■ Stored data ■
↓
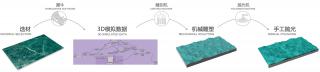 △“永恒之水”利用復(fù)雜的3D軟體模擬出水面被風(fēng)吹拂的連綿波浪,然后使用機(jī)械雕塑輪廓,再手工拋光讓表面達(dá)到粼粼波光的逼真視覺(jué)效果,需要耗費(fèi)大量的時(shí)間打磨成型,體現(xiàn)的不僅是工匠精神,也是對(duì)細(xì)節(jié)的執(zhí)著與追求。The view of “Eternal Water” simulates continuous waves lifted by the wind through complex 3D software. Then an outline is sculptured through machines and polished manually to reach a realistic visual effect of shiny ripples. Polishing the modeling through much human effort reflects not only the spirit of workmanship but also persistence and pursuits of details.
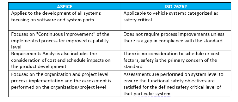 由于ASPICE涵盖了更广泛的系统开发主题,实施ASPICE可以为实现ISO 26262的要求提供一个框架。ASPICE与ISO 26262的主要区别如下:
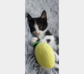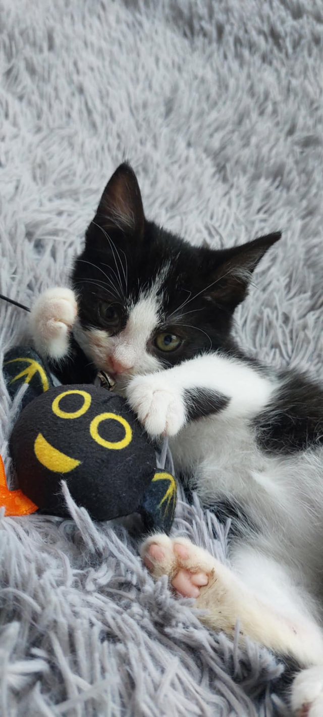 Obecnie przebywa w domu tymczasowym u jednej z naszych pracownic, tam uczy się kociego życia i… idzie mu doskonale!
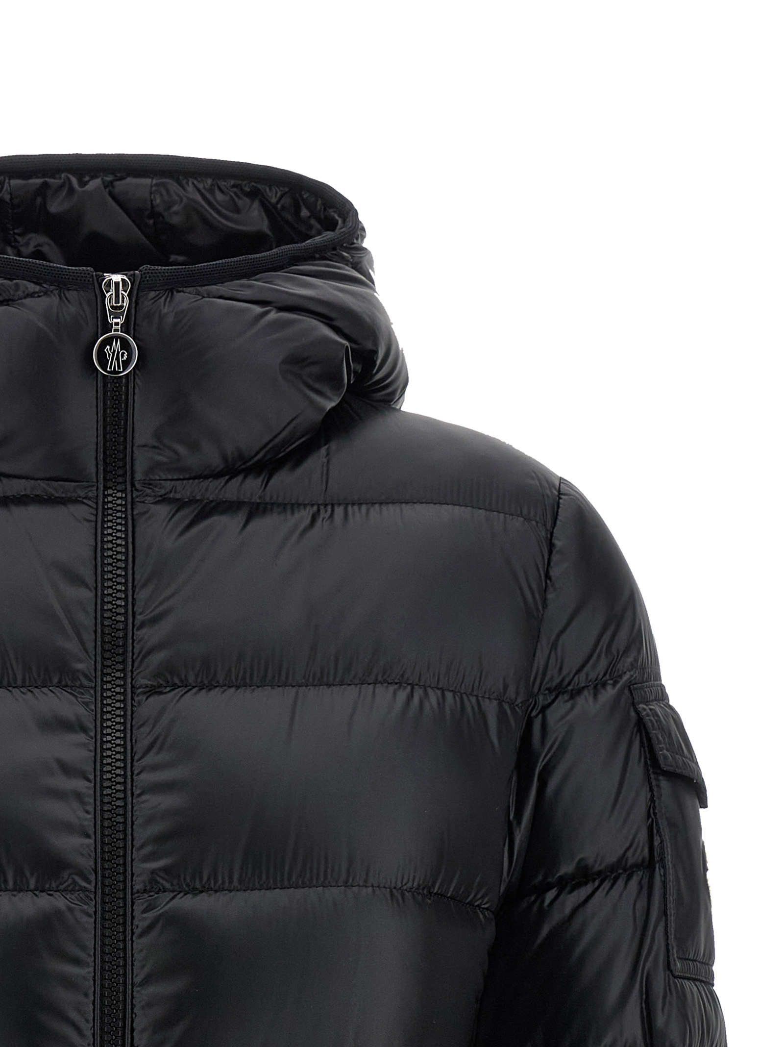 Short ‘Glesse’ quilted and goose feather padded saison longue down jacket, hourglass silhouette, hood, high neck, front zip closure, pockets, long cuffed sleeves and felt logo patch appliqué.
↑
With the pictures omitted, reproduce the data above exactly.

 △“永恒之水”利用復(fù)雜的3D軟體模擬出水面被風(fēng)吹拂的連綿波浪,然后使用機(jī)械雕塑輪廓,再手工拋光讓表面達(dá)到粼粼波光的逼真視覺(jué)效果,需要耗費(fèi)大量的時(shí)間打磨成型,體現(xiàn)的不僅是工匠精神,也是對(duì)細(xì)節(jié)的執(zhí)著與追求。The view of “Eternal Water” simulates continuous waves lifted by the wind through complex 3D software. Then an outline is sculptured through machines and polished manually to reach a realistic visual effect of shiny ripples. Polishing the modeling through much human effort reflects not only the spirit of workmanship but also persistence and pursuits of details.
 由于ASPICE涵盖了更广泛的系统开发主题,实施ASPICE可以为实现ISO 26262的要求提供一个框架。ASPICE与ISO 26262的主要区别如下:
 Obecnie przebywa w domu tymczasowym u jednej z naszych pracownic, tam uczy się kociego życia i… idzie mu doskonale!
 Short ‘Glesse’ quilted and goose feather padded saison longue down jacket, hourglass silhouette, hood, high neck, front zip closure, pockets, long cuffed sleeves and felt logo patch appliqué.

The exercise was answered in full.